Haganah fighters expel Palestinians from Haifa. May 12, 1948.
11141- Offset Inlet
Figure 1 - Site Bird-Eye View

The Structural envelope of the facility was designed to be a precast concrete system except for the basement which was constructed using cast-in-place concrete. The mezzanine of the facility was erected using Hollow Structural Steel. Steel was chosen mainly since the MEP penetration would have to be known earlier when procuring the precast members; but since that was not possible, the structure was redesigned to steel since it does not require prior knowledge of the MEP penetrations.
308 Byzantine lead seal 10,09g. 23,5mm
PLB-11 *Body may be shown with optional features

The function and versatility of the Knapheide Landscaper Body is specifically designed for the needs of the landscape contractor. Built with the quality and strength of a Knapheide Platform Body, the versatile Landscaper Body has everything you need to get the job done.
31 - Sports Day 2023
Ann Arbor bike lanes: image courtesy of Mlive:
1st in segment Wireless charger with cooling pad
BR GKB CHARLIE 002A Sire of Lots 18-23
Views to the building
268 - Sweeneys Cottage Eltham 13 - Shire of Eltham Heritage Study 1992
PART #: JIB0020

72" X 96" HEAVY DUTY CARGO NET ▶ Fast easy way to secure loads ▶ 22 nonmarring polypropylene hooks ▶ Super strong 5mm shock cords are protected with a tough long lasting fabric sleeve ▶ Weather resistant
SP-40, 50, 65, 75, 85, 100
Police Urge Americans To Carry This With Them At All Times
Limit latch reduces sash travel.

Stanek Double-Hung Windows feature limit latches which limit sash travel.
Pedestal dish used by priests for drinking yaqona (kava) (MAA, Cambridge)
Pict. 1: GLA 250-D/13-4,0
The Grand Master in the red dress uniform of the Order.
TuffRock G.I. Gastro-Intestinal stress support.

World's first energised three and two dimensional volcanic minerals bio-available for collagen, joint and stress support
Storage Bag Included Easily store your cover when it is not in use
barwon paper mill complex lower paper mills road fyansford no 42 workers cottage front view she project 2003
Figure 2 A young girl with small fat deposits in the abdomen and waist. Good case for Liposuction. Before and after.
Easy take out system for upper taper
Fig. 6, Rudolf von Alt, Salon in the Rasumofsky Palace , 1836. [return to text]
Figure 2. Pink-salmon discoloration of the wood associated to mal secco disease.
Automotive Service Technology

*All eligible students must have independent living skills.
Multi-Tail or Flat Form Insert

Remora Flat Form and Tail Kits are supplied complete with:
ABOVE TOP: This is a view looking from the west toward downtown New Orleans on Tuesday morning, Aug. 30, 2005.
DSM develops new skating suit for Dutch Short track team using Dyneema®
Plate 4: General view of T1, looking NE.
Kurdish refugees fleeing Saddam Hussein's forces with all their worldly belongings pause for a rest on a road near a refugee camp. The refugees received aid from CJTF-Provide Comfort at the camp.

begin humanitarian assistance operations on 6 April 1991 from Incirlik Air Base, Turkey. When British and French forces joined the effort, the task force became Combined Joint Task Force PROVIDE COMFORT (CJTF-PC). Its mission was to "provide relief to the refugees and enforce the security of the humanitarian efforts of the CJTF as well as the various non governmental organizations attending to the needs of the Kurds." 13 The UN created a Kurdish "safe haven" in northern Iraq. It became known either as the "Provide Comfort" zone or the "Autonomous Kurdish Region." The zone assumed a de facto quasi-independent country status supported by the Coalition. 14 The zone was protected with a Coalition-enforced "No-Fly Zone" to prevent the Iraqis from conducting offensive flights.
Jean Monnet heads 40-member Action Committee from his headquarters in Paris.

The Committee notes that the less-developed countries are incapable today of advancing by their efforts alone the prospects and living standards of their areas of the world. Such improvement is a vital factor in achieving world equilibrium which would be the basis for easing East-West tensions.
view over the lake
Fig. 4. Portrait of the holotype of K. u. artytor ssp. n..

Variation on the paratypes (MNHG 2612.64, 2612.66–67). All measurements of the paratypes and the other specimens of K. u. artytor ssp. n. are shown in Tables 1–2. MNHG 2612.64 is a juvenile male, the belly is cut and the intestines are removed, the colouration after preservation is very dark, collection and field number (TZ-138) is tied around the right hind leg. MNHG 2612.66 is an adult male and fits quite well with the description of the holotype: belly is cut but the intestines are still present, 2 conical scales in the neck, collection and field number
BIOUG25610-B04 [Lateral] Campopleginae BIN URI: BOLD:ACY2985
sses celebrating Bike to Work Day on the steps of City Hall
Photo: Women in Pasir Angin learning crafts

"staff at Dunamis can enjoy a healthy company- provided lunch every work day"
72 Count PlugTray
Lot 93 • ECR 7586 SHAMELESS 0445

- Goal of the exercise
Write each entry out again, exactly as it reads above.

- Answer space
Haganah fighters expel Palestinians from Haifa. May 12, 1948.
11141- Offset Inlet
Figure 1 - Site Bird-Eye View

The Structural envelope of the facility was designed to be a precast concrete system except for the basement which was constructed using cast-in-place concrete. The mezzanine of the facility was erected using Hollow Structural Steel. Steel was chosen mainly since the MEP penetration would have to be known earlier when procuring the precast members; but since that was not possible, the structure was redesigned to steel since it does not require prior knowledge of the MEP penetrations.
308 Byzantine lead seal 10,09g. 23,5mm
PLB-11 *Body may be shown with optional features

The function and versatility of the Knapheide Landscaper Body is specifically designed for the needs of the landscape contractor. Built with the quality and strength of a Knapheide Platform Body, the versatile Landscaper Body has everything you need to get the job done.
31 - Sports Day 2023
Ann Arbor bike lanes: image courtesy of Mlive:
1st in segment Wireless charger with cooling pad
BR GKB CHARLIE 002A Sire of Lots 18-23
Views to the building
268 - Sweeneys Cottage Eltham 13 - Shire of Eltham Heritage Study 1992
PART #: JIB0020

72" X 96" HEAVY DUTY CARGO NET ▶ Fast easy way to secure loads ▶ 22 nonmarring polypropylene hooks ▶ Super strong 5mm shock cords are protected with a tough long lasting fabric sleeve ▶ Weather resistant
SP-40, 50, 65, 75, 85, 100
Police Urge Americans To Carry This With Them At All Times
Limit latch reduces sash travel.

Stanek Double-Hung Windows feature limit latches which limit sash travel.
Pedestal dish used by priests for drinking yaqona (kava) (MAA, Cambridge)
Pict. 1: GLA 250-D/13-4,0
The Grand Master in the red dress uniform of the Order.
TuffRock G.I. Gastro-Intestinal stress support.

World's first energised three and two dimensional volcanic minerals bio-available for collagen, joint and stress support
Storage Bag Included Easily store your cover when it is not in use
barwon paper mill complex lower paper mills road fyansford no 42 workers cottage front view she project 2003
Figure 2 A young girl with small fat deposits in the abdomen and waist. Good case for Liposuction. Before and after.
Easy take out system for upper taper
Fig. 6, Rudolf von Alt, Salon in the Rasumofsky Palace , 1836. [return to text]
Figure 2. Pink-salmon discoloration of the wood associated to mal secco disease.
Automotive Service Technology

*All eligible students must have independent living skills.
Multi-Tail or Flat Form Insert

Remora Flat Form and Tail Kits are supplied complete with:
ABOVE TOP: This is a view looking from the west toward downtown New Orleans on Tuesday morning, Aug. 30, 2005.
DSM develops new skating suit for Dutch Short track team using Dyneema®
Plate 4: General view of T1, looking NE.
Kurdish refugees fleeing Saddam Hussein's forces with all their worldly belongings pause for a rest on a road near a refugee camp. The refugees received aid from CJTF-Provide Comfort at the camp.

begin humanitarian assistance operations on 6 April 1991 from Incirlik Air Base, Turkey. When British and French forces joined the effort, the task force became Combined Joint Task Force PROVIDE COMFORT (CJTF-PC). Its mission was to "provide relief to the refugees and enforce the security of the humanitarian efforts of the CJTF as well as the various non governmental organizations attending to the needs of the Kurds." 13 The UN created a Kurdish "safe haven" in northern Iraq. It became known either as the "Provide Comfort" zone or the "Autonomous Kurdish Region." The zone assumed a de facto quasi-independent country status supported by the Coalition. 14 The zone was protected with a Coalition-enforced "No-Fly Zone" to prevent the Iraqis from conducting offensive flights.
Jean Monnet heads 40-member Action Committee from his headquarters in Paris.

The Committee notes that the less-developed countries are incapable today of advancing by their efforts alone the prospects and living standards of their areas of the world. Such improvement is a vital factor in achieving world equilibrium which would be the basis for easing East-West tensions.
view over the lake
Fig. 4. Portrait of the holotype of K. u. artytor ssp. n..

Variation on the paratypes (MNHG 2612.64, 2612.66–67). All measurements of the paratypes and the other specimens of K. u. artytor ssp. n. are shown in Tables 1–2. MNHG 2612.64 is a juvenile male, the belly is cut and the intestines are removed, the colouration after preservation is very dark, collection and field number (TZ-138) is tied around the right hind leg. MNHG 2612.66 is an adult male and fits quite well with the description of the holotype: belly is cut but the intestines are still present, 2 conical scales in the neck, collection and field number
BIOUG25610-B04 [Lateral] Campopleginae BIN URI: BOLD:ACY2985
sses celebrating Bike to Work Day on the steps of City Hall
Photo: Women in Pasir Angin learning crafts

"staff at Dunamis can enjoy a healthy company- provided lunch every work day"
72 Count PlugTray
Lot 93 • ECR 7586 SHAMELESS 0445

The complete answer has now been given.